I am highlighting on content field which looks like this

\r\n\r\n\r\n\r\n\r\n\r\n\r\n\r\n\r\n\r\nA Butler Group Technology Audit is an independent assessment of a solution or service, which will be published on Butler Group’s CIO Knowledge Centre Web site, and made available to over 15,000 IT and business decision makers in end-user organisations. \r\nTo assist in gathering factual information for the Technology Audit, we would kindly ask you to complete this pre-briefing questionnaire, and return it to us at least one week prior to the meeting. Completing the questionnaire helps analysts to formulate questions for discussion during the briefing call or meeting.\r\nFollowing the meeting, the analyst(s) working on the project will write a draft document, which we will send to you for factual review. We request that you return this to us with your comments within five working days of receipt.\r\nOnce any changes have been incorporated, we will ask you to confirm final sign-off of the Technology Audit, which will then be passed into our publishing process.\r\n\r\n\r\n\r\n\r\n\r\nVendor Name \t\tNewgen Software Technologies Limited\t\t\r\nName of Product(s) \tVersion No.\t\tOmniDocs™\t6.0\t\t\t\t\t\t\

CAn You please help !

Please be patient. This forum is largely managed by volunteers. If you require SLA for your questions, Elastic offers commercial subscriptions that provide this.

Hi,

there isn't anything obvious that comes to my mind at the moment, I wasn't able to recreate the problem with the information provided which leaves me guessing.
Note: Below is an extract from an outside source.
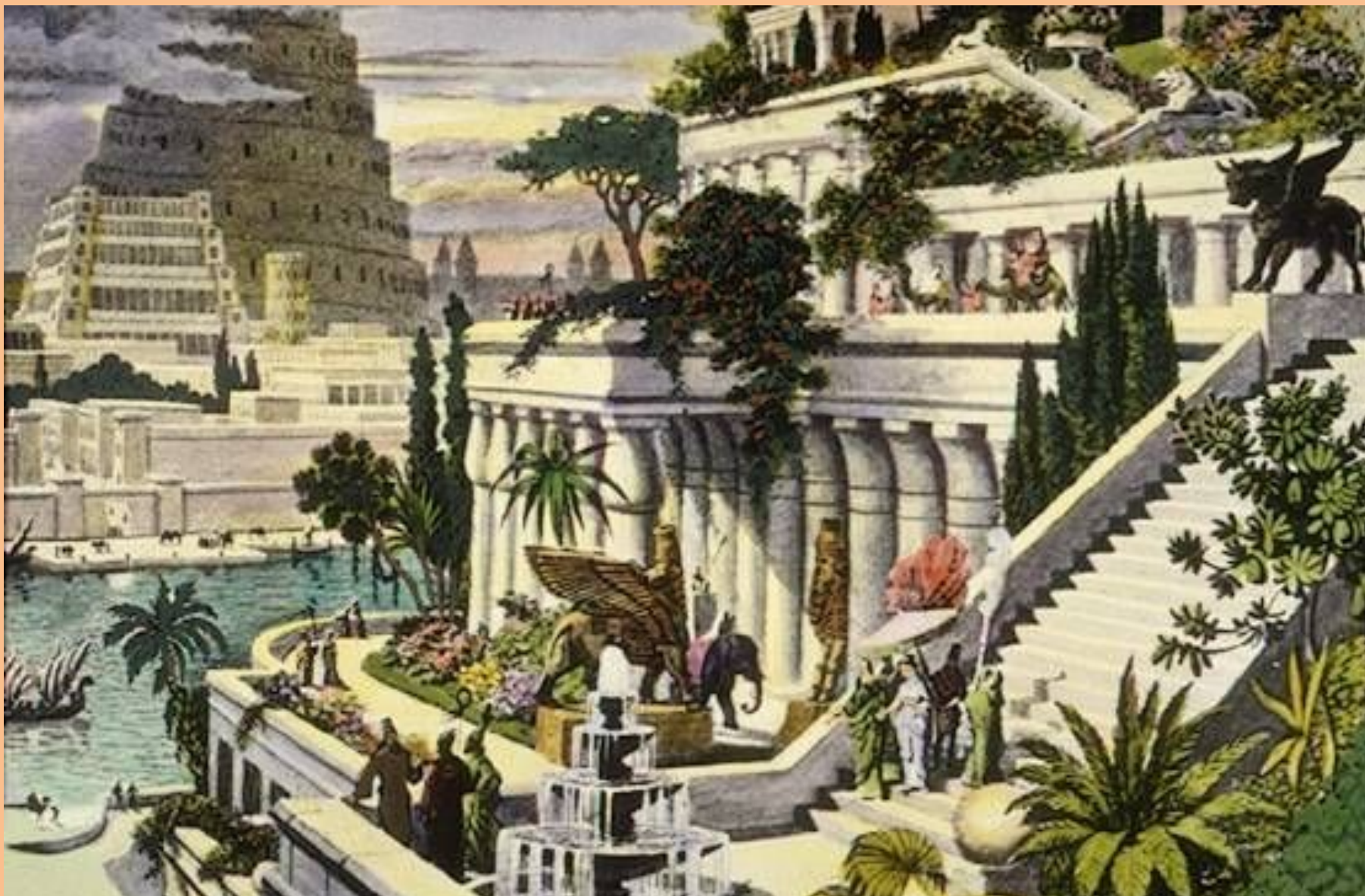
Висячие сады царицы Семирамиды, жены царя Навуходоносора

You mention querying with the QueryDSL through Sense works, but through Java api it doesn't, which leaves me guessing what might be the difference.
It would also help if you could try to recreate the problem with a minimal example (containing e.g. only one bad document) that can be used to show the behaviour both from Sense and the Java API. Also, please note (as @Christian_Dahlqvist mentioned) that only because someone answers to one of your posts in this forum doesn't necessary mean she can solve your problem. At this point I'm just trying to ask for more information that might help me (or others) to better look into this.

This topic was automatically closed 28 days after the last reply. New replies are no longer allowed.